The qualifier defines the type of data, and the names are treated like variables.

main.nf

process INDEX {
  [ directives ]

  input:
  path transcriptome

  output:
  path 'salmon_index'

  script:
  """
  salmon index --transcripts $transcriptome --index salmon_index
  """
}

Note that the input path transcriptome refers to a variable, meaning the actual file or directory provided as input can be changed depending on the data you provide it. The output path 'salmon_index' is fixed, meaning it will always expect an output folder called salmon_index, no matter what the input is.

This is how Nextflow can handle different inputs while always producing the same output name.

More information on using input and output blocks can be found in the Nextflow documentation for process inputs and outputs.

2.1.2 Saving our output files to an output directory with publishDir

Next we will implement the Nextflow equivalent of saving the output files into a results/ directory. Recall from Part 1 that we can use the publishDir directive to accomplish this. This will direct Nextflow to copy all of the process' outputs to a given directory.

We can also specify how Nextflow will copy our results to the publishDir directory by setting the mode. We can tell Nextflow to make a complete copy of the outputs by setting the mode to "copy", e.g.:

publishDir "results", mode: 'copy'

Advanced content: publishDir modes

The publishDir directive has several modes that change how it behaves. By default, Nextflow will create a symbolic link in the publishing directory. This is a special type of file that points to another file, similar to a shortcut. The advantage of using a symbolic link is that it doesn't require duplicating the output files, meaning it uses less space and is quick to make. The disadvantage, however, is that the actual data is still stored in the work/ directory. If you ever clean up the work/ directory, you will break the symbolic links and you will lose your data.

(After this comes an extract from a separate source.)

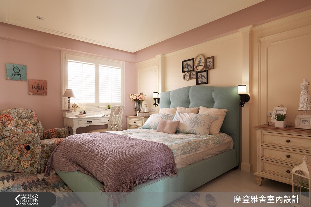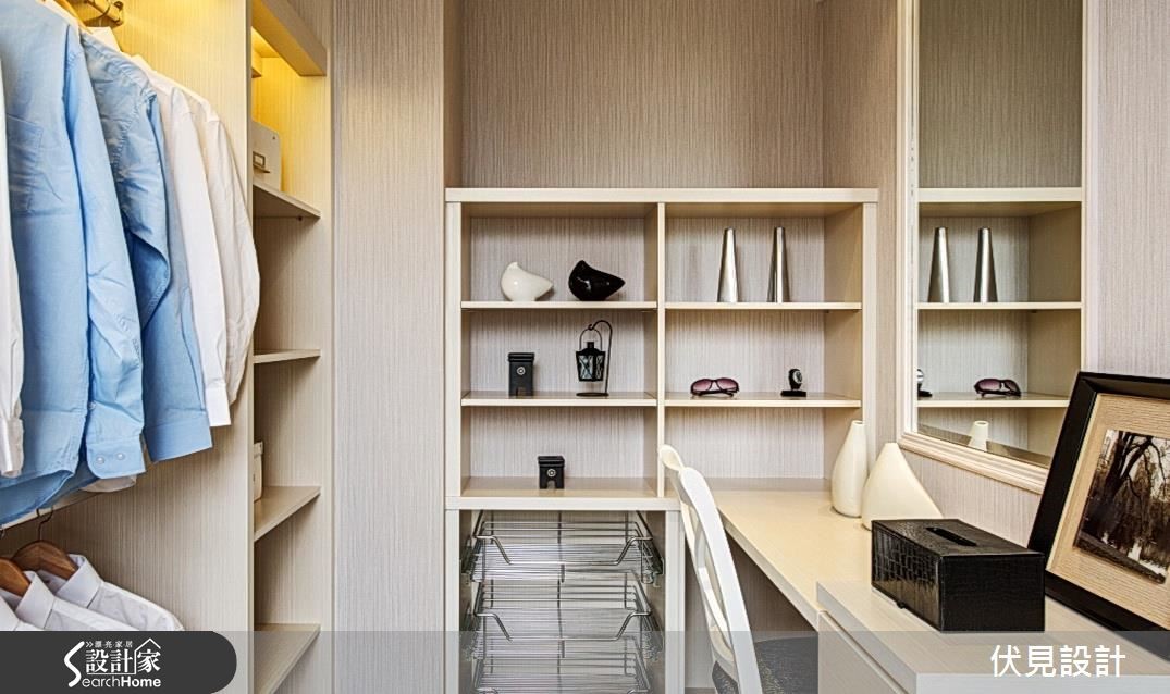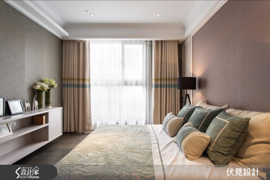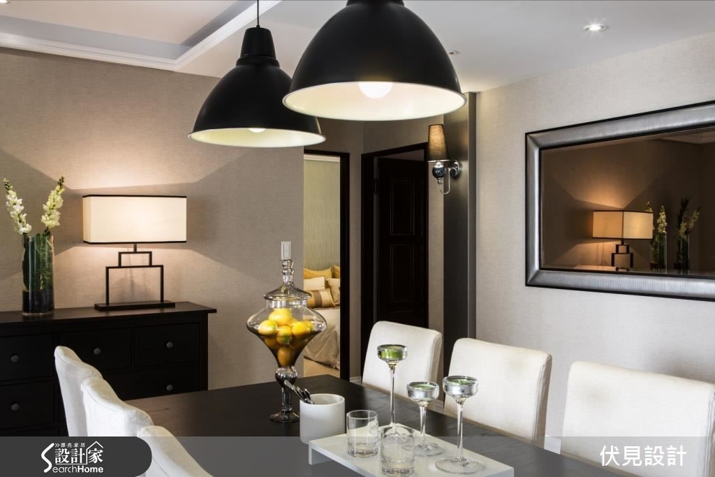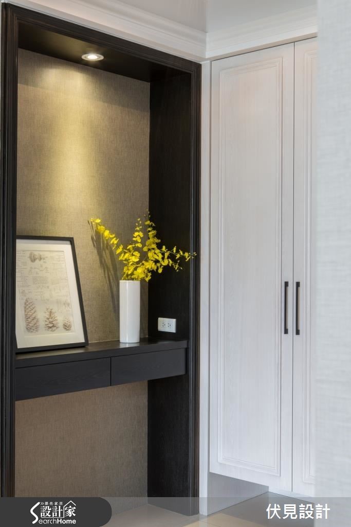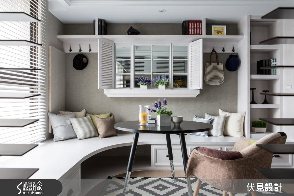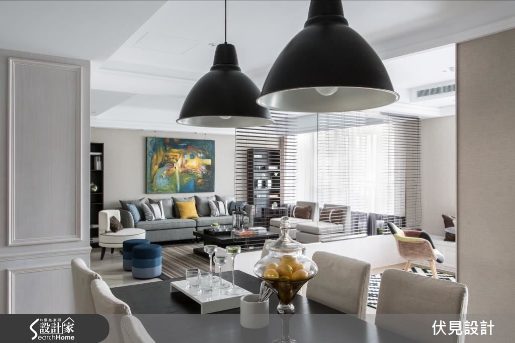 这户美式风空间,挥别了传统的沉重感与繁复细节,让整体结构、色调表现得利落优雅,并注入简约线条设计,营造清爽的空间调性。快跟着小编一起走进来看看吧!【百叶窗取代隔断,视觉更通透】走进居家,设计师规划深色木作展示柜,陈列植栽、灯光为空间增添暖意。一旁则配置玄关鞋柜,满足收纳机能。客厅呈对称式设计,天花妆点流畅的线板,并陈列冷色调家饰给予舒适感。更藉由画作、抱枕点缀少许暖色,创造平衡的色彩布局。客厅舍弃电视墙,以百叶窗取代传统隔断。书房则避免锐角,做出圆弧型飘窗,且让墙面成为空间视觉焦点,既透过层板、柜体做足机能收纳,巧妙设计假窗加入镜面背景,延伸放大视觉。餐厅区则以简约色调,并加入金属色泽饰边,于墙面融入镜面材质与灯光辅助。卧室则延续简约的线板规划,采以墙纸丰富空间。更衣间以浅色木皮铺底,产生放大空间感,且给予充裕的柜体配置,体现清爽简洁的视觉画面。

We will be using the "copy" mode for the remainder of this workshop, which tells Nextflow to make a complete copy of the data within the publishing directory, thereby ensuring that the final outputs of the pipeline are always available there.

The other modes that are available are described in detail in the Nextflow documentation.

Replace the [ directives ] placeholder in your main.nf script with the publishDir directive, specifying the directory name as "results" and the mode as 'copy'. Your main.nf should look like this:

main.nf

process INDEX {
  publishDir "results", mode: 'copy'

  input:
  path transcriptome

  output:
  path 'salmon_index'

  script:
  """
  salmon index --transcripts $transcriptome --index salmon_index
  """
}

This process is now directed to copy all output files (i.e. the salmon_index directory) into a results/ directory. This saves having to specify the output directory in the script definition each process, or a tedious mv salmon_index/ results/ step.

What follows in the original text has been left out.